2.7. Slx8p Facilitates SC Components Degradation via SUMO‐Ubiquitination Crosstalk

As many SC components could be modified by SUMO,3, 7, 13, 37, 38 including Red1p, Zip1p, and Ecm11p, and our results indicated Slx8p was required for SC degradation, we speculated that Slx8p might recognize the SUMOylated SC components and promote their ubiquitination to facilitate SC degradation. To test this possibility, we first examined the localization of Slx8p in chromatin spreading during meiotic prophase I. At the leptotene stage, Slx8p rarely loaded onto the chromosomal axis (Figure 4G). When homologous chromosomes were synapsed at the prophase stage, Slx8p was recruited to the SC and formed linear stretches or discontinuous signals that were co‐localized with Zip1p (Figure 4G).

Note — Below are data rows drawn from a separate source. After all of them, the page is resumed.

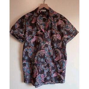 Free People We The Free oversized purple multicolor paisley button down shirt Sz M.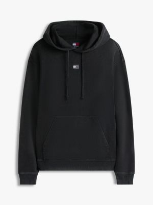 Esta sudadera de felpa con capucha, de estilo sencillo, presenta un acabado sobreteñido y detalles distintivos tonales en la parte delantera y trasera.
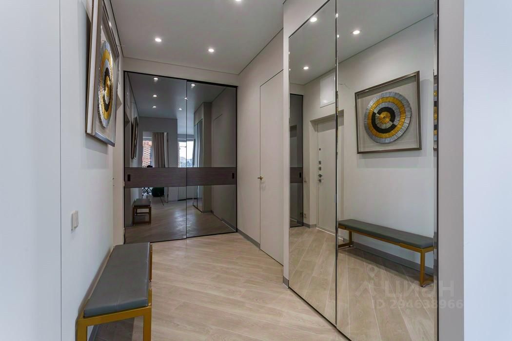 Квартира оснащена системами хранения, есть гардеробная. Кухня со встроенной бытовой техникой (духовка, варочная панель, посудомоечная машина, холодильник), сантехника премиум брендов (Германия, Швейцария), двери 2300см скрытого монтажа Union Италия.

Next, we tried to discern whether this localization of Slx8p was dependent on its SIM that recognized SUMOylated proteins on the SC. As Slx5p and Slx8p may participate in meiosis by working as a heterodimeric complex, we transfected the SLX8^simΔ into slx5Δ slx8Δ cells to exclude the influence of the SIM domain on Slx5p and endogenic Slx8p. We found the Slx8p SIM mutant was not recruited to the SC (Figure 4G). Thus, Slx8p might be recruited to the SC by recognizing the SUMOylated proteins via its SIM. The major function of Slx8p is to assemble polyubiquitin chains on SUMO or SUMOylated proteins, and Slx8p is also responsible for the turnover of SUMOylated proteins.25, 39 To evaluate this function, we directly fused a linear tetraubiquitin chain onto SUMO (Ub4‐Smt3) and transformed it in slx8Δ cells to test whether Slx8p mediated SUMO‐ubiquitination crosstalk is required for meiosis. We found the expression of this artificial Ub4‐SUMO hybrid partially rescued the sporulation defect in slx8Δ cells (Figure 4I–K), demonstrating that Slx8p mediated SUMO‐ubiquitination crosstalk was required for yeast meiosis. Therefore, Slx8p might recognize SUMOylated SC components and promote their ubiquitination to facilitate chromosome segregation.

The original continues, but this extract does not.